1995 Colonial Athletic Association baseball tournament
- Teams: 7
- Format: Double-elimination tournament
- Finals site: Grainger Stadium; Kinston, North Carolina;
- Champions: Old Dominion (2nd title)
- Winning coach: Tony Guzzo (1st title)
- MVP: Lyle Hartgrove (Old Dominion)

= 1995 Colonial Athletic Association baseball tournament =

American college baseball tournament

The 1995 Colonial Athletic Association baseball tournament was held at Grainger Stadium in Kinston, North Carolina, from May 17 through 21. The event determined the champion of the Colonial Athletic Association for the 1995 season. Defending champion and fifth-seeded won the tournament for the second time and earned the CAA's automatic bid to the 1995 NCAA Division I baseball tournament.

Entering the event, East Carolina had won the most championships, with five. George Mason had won two, while Richmond and Old Dominion had each won once.

==Format and seeding==
The CAA's seven teams were seeded one to seven based on winning percentage from the conference's round robin regular season.
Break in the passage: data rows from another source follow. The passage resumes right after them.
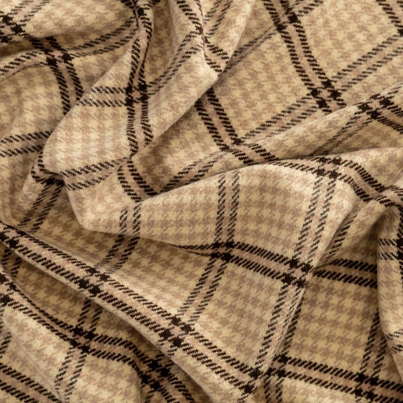 Стильная и элегантная пальтовая ткань с светлых тонах. Поверхность бархатистая, мягкая, очень приятная на ощупь, пластичная, мягко драпируется в складки, немного держит форму. Сочетание линий коричневого, карамельного оттенков и классического узора "гусиная лапка" образует сложную красивую клетку. Отлично подойдет для пошива пальто, теплых костюмов, юбки, шорт, жакета, кейпа, жилета.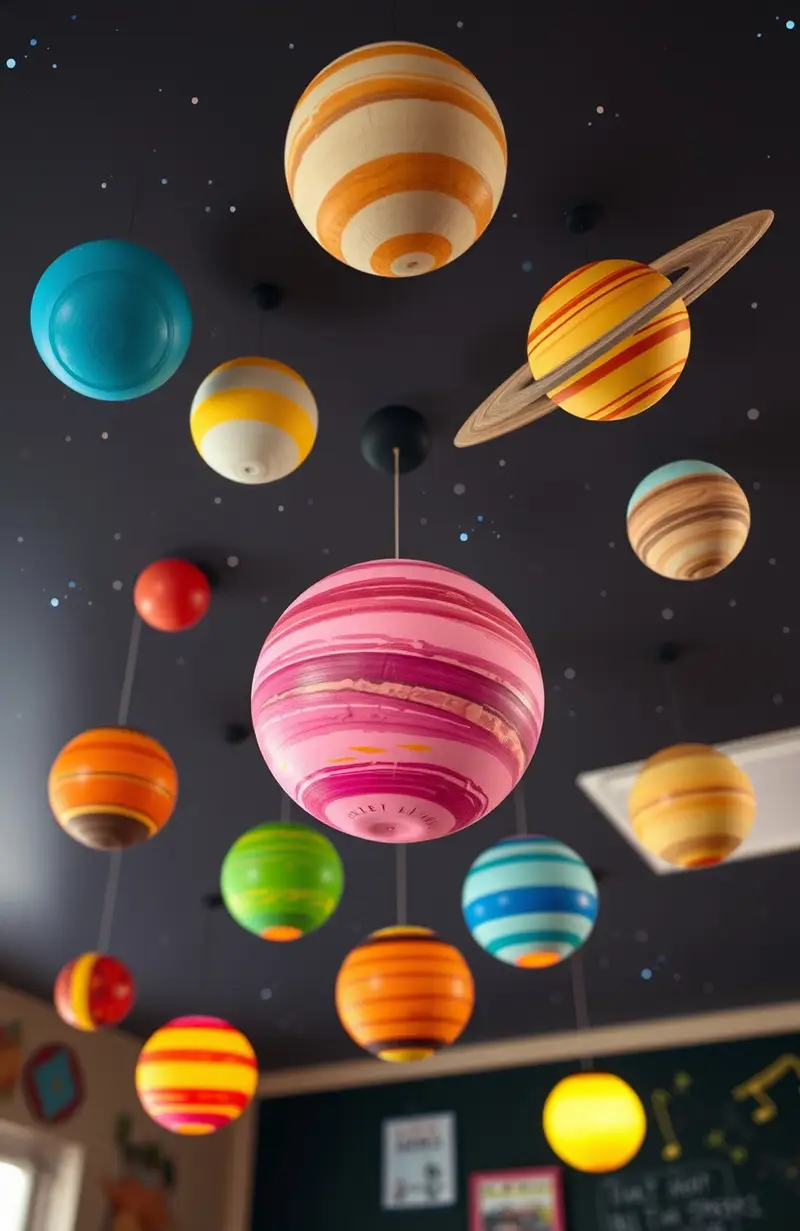 Turn the ceiling into a mini solar system with colorful planets orbiting above. Use foam balls painted in vibrant colors to represent each planet.
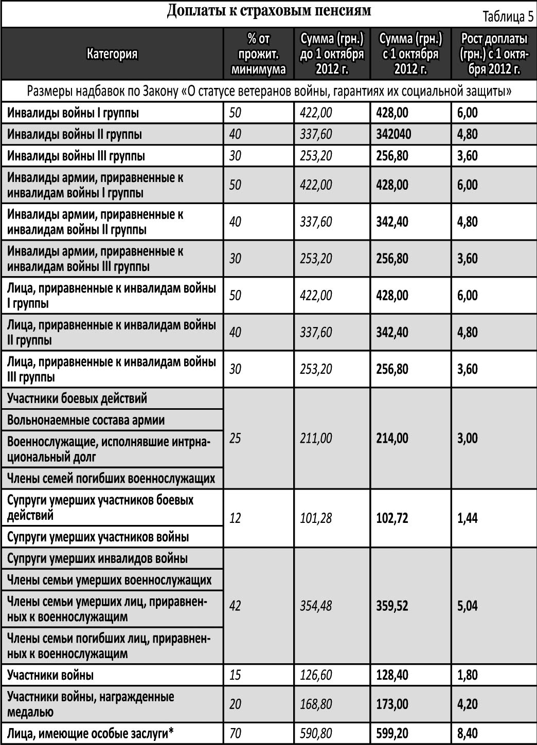 Обращаем ваше внимание на то, что пенсия выросла на разницу между суммой, выплачиваемой до 1-го октября 2012 года и, соответственно, с 1-го октября. Например, участники войны с 1-го июля текущего года получали доплату к страховым пенсиям 126,60 грн. А с 1-го октября надбавка составит 128,40 грн. Значит, к пенсии добавится 1,80 грн. (128,40-126,60). Аналогичный расчет производится и для других категорий пенсионеров.

They played a double-elimination tournament.

| Team | W | L | Pct. | GB | Seed |
|---|---|---|---|---|---|
| James Madison | 14 | 4 | .778 | — | 1 |
| UNC Wilmington | 11 | 7 | .611 | 3 | 2 |
| Richmond | 11 | 7 | .611 | 3 | 3 |
| George Mason | 11 | 7 | .611 | 3 | 4 |
| Old Dominion | 9 | 9 | .500 | 5 | 5 |
| East Carolina | 5 | 13 | .278 | 9 | 6 |
| William & Mary | 2 | 16 | .111 | 12 | 7 |

==Most Valuable Player==
Maika Symmonds was named Tournament Most Valuable Player. Symmonds was an outfielder and pitcher for Old Dominion.